Given that Wanamaker died in 1922, we can surmise that return on investment (ROI) is not a new bone of contention for marketers.
We know from experience that marketing and advertising spend is still a concern for many businesses today, particularly at a time in which results are expected to be increasingly transparent. Fortunately, nowadays, marketers have ever more sophisticated tools at their disposal, rather than having to just rely on advertising.
One alternative is to use data, which, as you might imagine, is something we’re rather au fait with. The customer acquisition service we offer at Peak isn’t based on speaking to the largest number of people, but on identifying the prospects that are most likely to become customers. You don’t need to be a marketing pioneer to see how this approach can reduce the cost per acquisition for organisations and their overall marketing ROI as a result.
Although our approach relies upon sophisticated technology and the accomplished expertise of our data science guys, it is, in essence, very logical and straightforward.

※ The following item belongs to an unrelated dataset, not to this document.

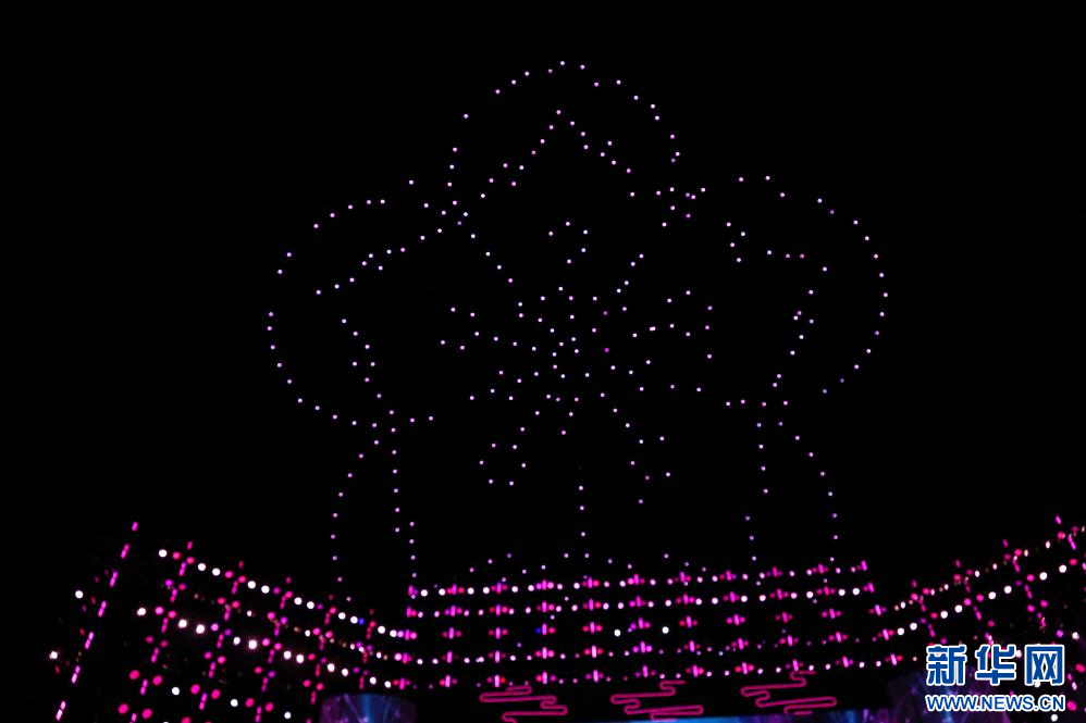 3月31日,開(kāi)幕式上的無(wú)人機(jī)表演。新華網(wǎng)發(fā) 李騰 攝
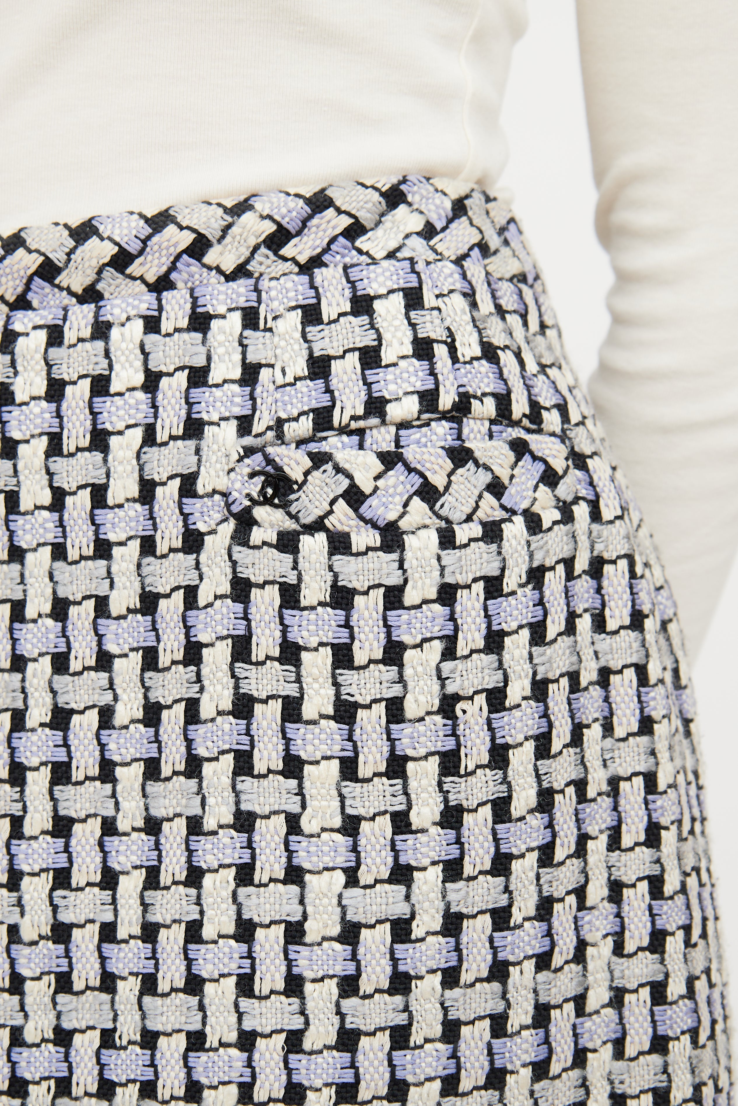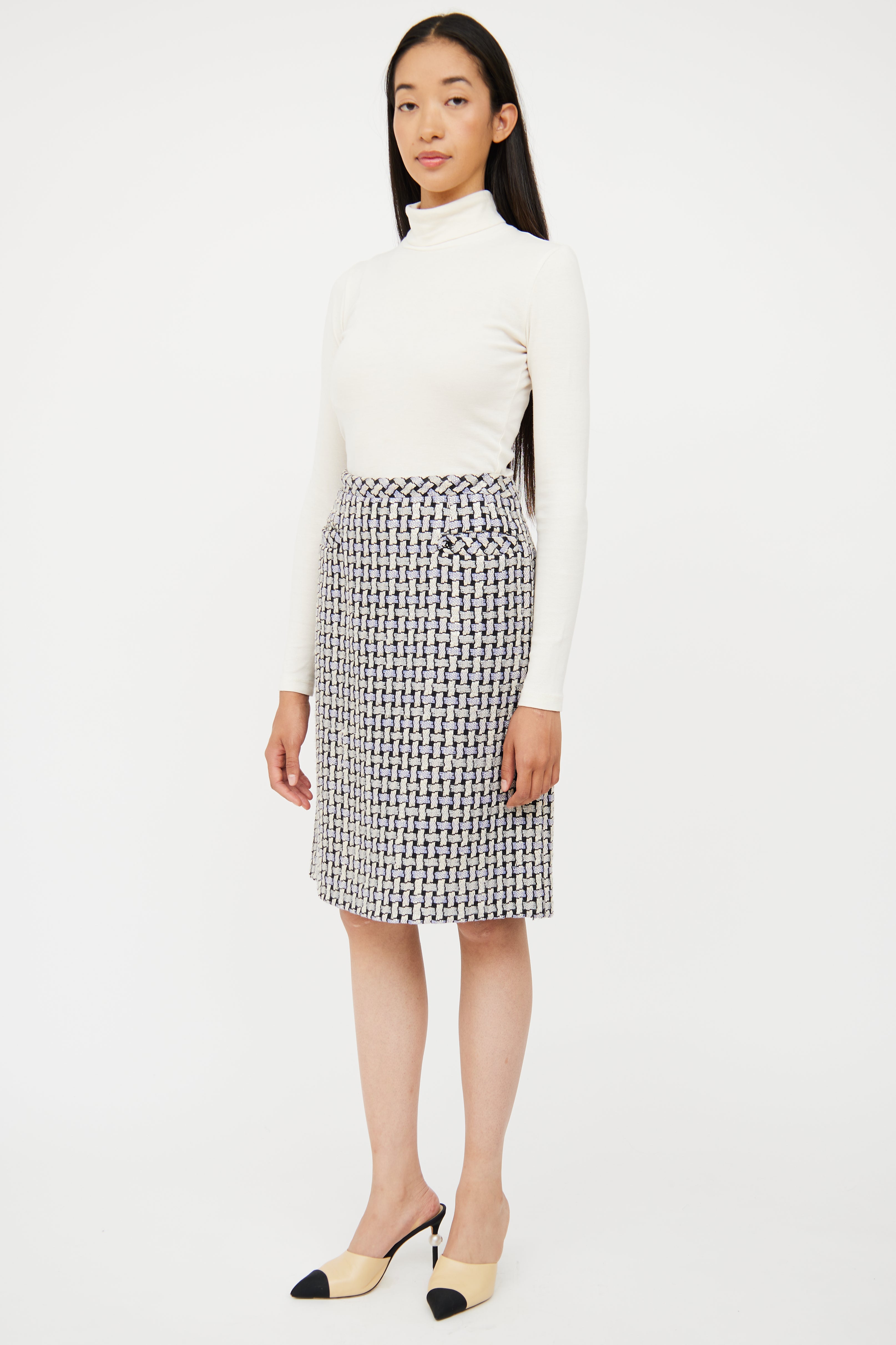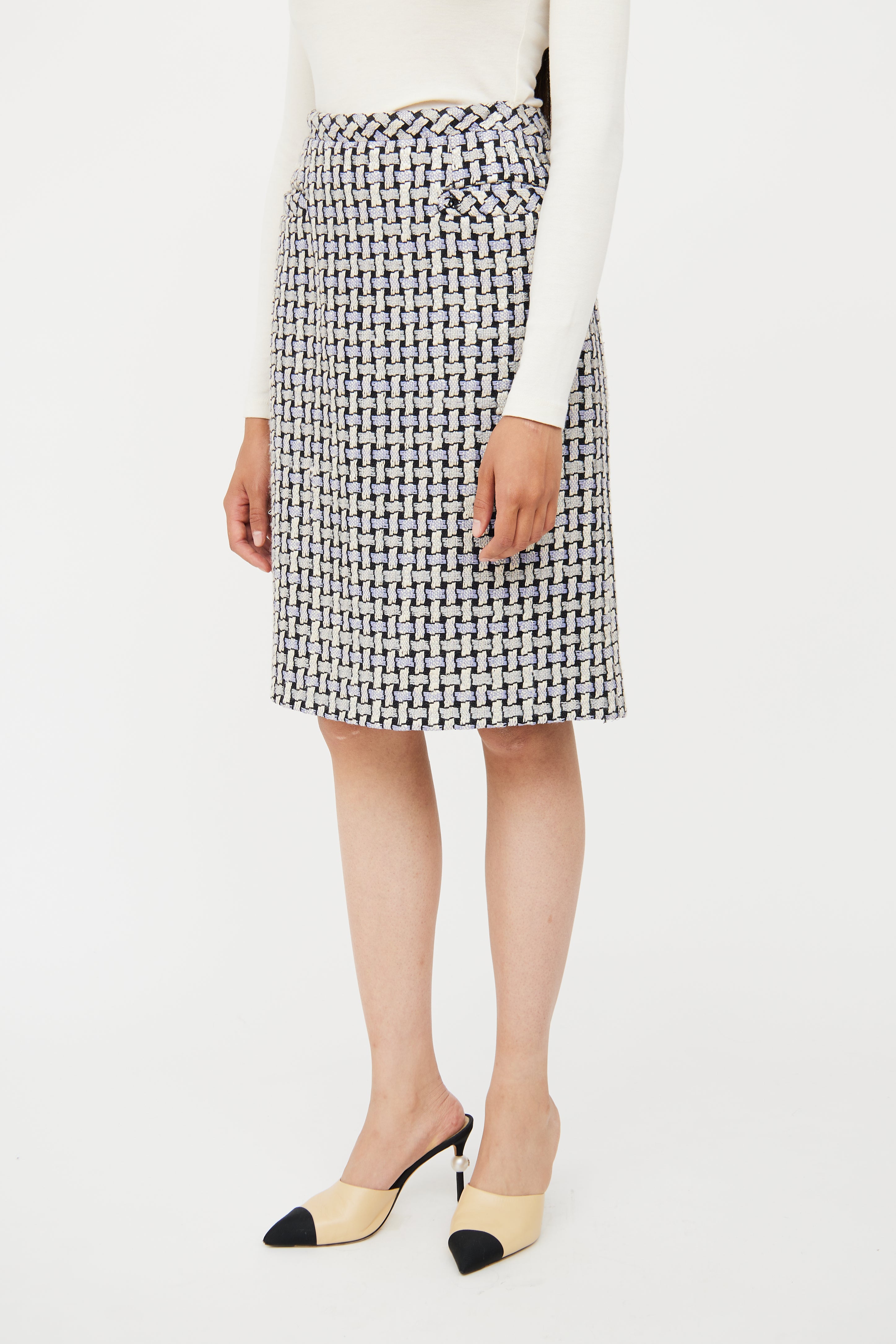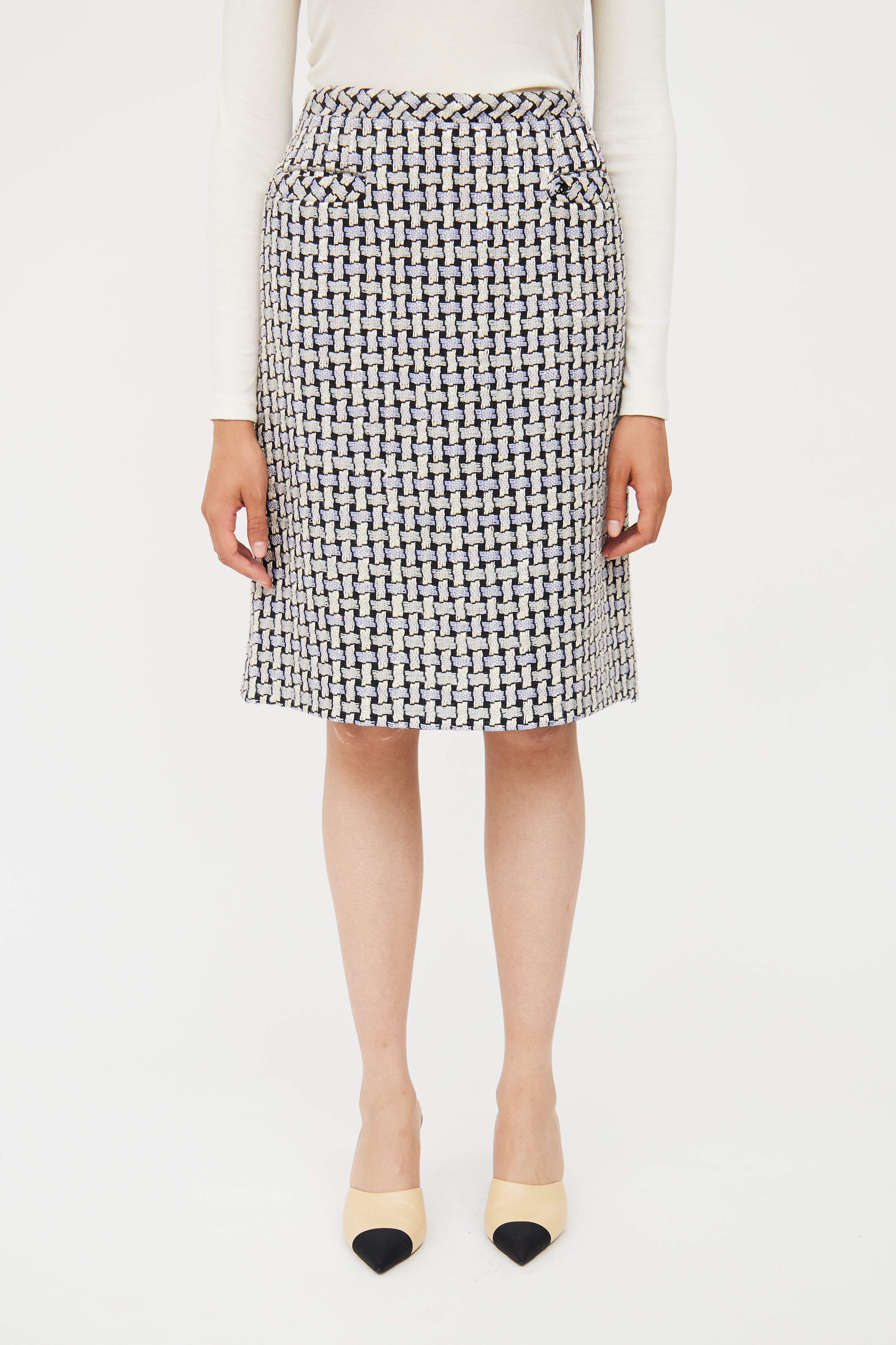 Pre-owned Chanel blue and white Spring 2005 tweed skirt featuring dual slip pockets on front hip with black lacquer CC hardware on left pocket, mid length and zip entry back. Fully lined.

By bringing together data like customer history, behaviour, purchases, preferences and social media activity, and then using algorithms to cluster and classify similar groups of customers, we can attach a probability of conversion to each new lead based on the group they call into.
This not only allows organisations to focus their efforts on converting the prospects who are most likely to become customers, but to tailor their service to appeal to those prospects too. In this way, organisations can be confident that they are acquiring customers at the optimal cost.
To get an idea of this in practice, you can take a look at how we worked with music streaming service Leaf. Using the platform’s data, we were able to identify its most valuable users, how they were acquired and how they used the service. Leaf was then able to use that information to better target its marketing activities and shape its platform going forward, ultimately doubling its number of active users to 1.5 million over the course of four months. We’re pretty sure John Wanamaker would have approved.